Отрегулируйте вес противоположных труб до нулевой разницы в весе. И изменить центрифугу для 176000 раз G и 4 градусов по Цельсию в течение двух часов. После этого используйте зажим, чтобы зафиксировать одну ультра центрифугированную трубку до стенда.
Убедившись, чтобы оставить область вокруг нижнего уровня фазы отмечены доступными. Поместите гусиную лампу над трубкой. Вокруг знака, на границе между нижней и верхней фазами, должна быть видна отдельная полоса.
Проколите трубку иглой и аспирировать векторную полосу в шприц для сбора вектора. Перенесите собранные векторные вироны в 15 миллилитровую трубку и вычислите количество сотых субстратов, необходимых, как указано в текстовом протоколе. Затем перенесите векторное решение в трубку соответствующего размера.
И расчетное количество соединений соединения фондового раствора. Аккуратно смешайте накладным вращением в течение одного часа при комнатной температуре. Затем отрегулируйте общий объем векторного решения до шести миллилитров, добавив буфер рекламы.
Очистите вектор от неотредактированных мойети, используя второй шаг связывания хлорида цезия, как указано в текстовом протоколе. Проколите трубку иглой и аспирировать векторную полосу в шприц. Перенесите собранные векторы в 15 миллилитровую трубку.
Если комбинированный из обеих градиентных трубок составляет менее 2,5 миллилитров, отрегулируйте громкость до 2,5 миллилитров, добавив буфер рекламы. Загрузите комбинированные вироны к равному обновленному столбецу Pd и отбросьте поток. Затем добавьте в столбец три миллилитров буфера объявлений и соберите поток.
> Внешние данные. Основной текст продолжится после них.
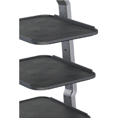 トレーサイズ43cm×50cmで、 最大40キロ積載可能です。3層か4層を設置でき、8段階で高さ調整も可能です。全開放のデザインなので、トレイ上の商品の取り出しが簡単です。オプションで防塵カバーの取り付けも可能です。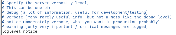 loglevel notice # 日志级别。可选项有: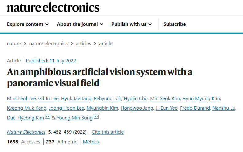 这一研究被发表于Nature Electronics,论文题目就叫《具有全景视野的两栖人工视觉系统》(An amphibious artificial vision system with a panoramic visual field)。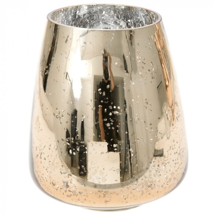 Свещник, розово стъкло, 20х23см

Добавьте 333 микролитров глицерола в собранный поток, чтобы получить окончательную концентрацию в десять процентов. Разделите их на подходящие алициты. Убедившись, чтобы включить aliquot 20 микролитров для более жесткого определения OD 260 измерения.
Храните векторный раствор при 80 градусах Цельсия до готовности к использованию. Репрезентативные результаты воздействия на 293 ячейки показывают, что векторное производство успешно. Клетки должны показать морфологию через 40-48 часов после прививки с переносчиком вируса.
Серебряный окрашенный фаг SDS затем используется для оценки эффективности соединения. Векторы с cysteins введенными в основу pentone капсомера оба с hexon доработанными и unmodified бегут. Группы Hexon демонстрируют сдвиг, указывающий на успешную модификацию более 90 процентов мономеров на капсид.
При попытке этой процедуры важно обеспечить сокращение среды для неизмененных частиц вектора. После модификации подходит обычная атмосфера. Точные документальные расчеты должны обеспечить количественную модификацию всех векторных частиц.
Разработка этого метода помогает исследованиям в области генной терапии для дальнейшего изучения безопасных и недостаточных стратегий для доставки переносчиков. После этой процедуры другие методы, такие как соединение лигандов для таргетинга или флуоресцентных красителей для маркировки могут быть выполнены для того, чтобы ответить на дополнительные вопросы, такие как использование рецепторов и биораспределение. Пожалуйста, не забудьте соблюдать местные правила ГМО и безопасности труда.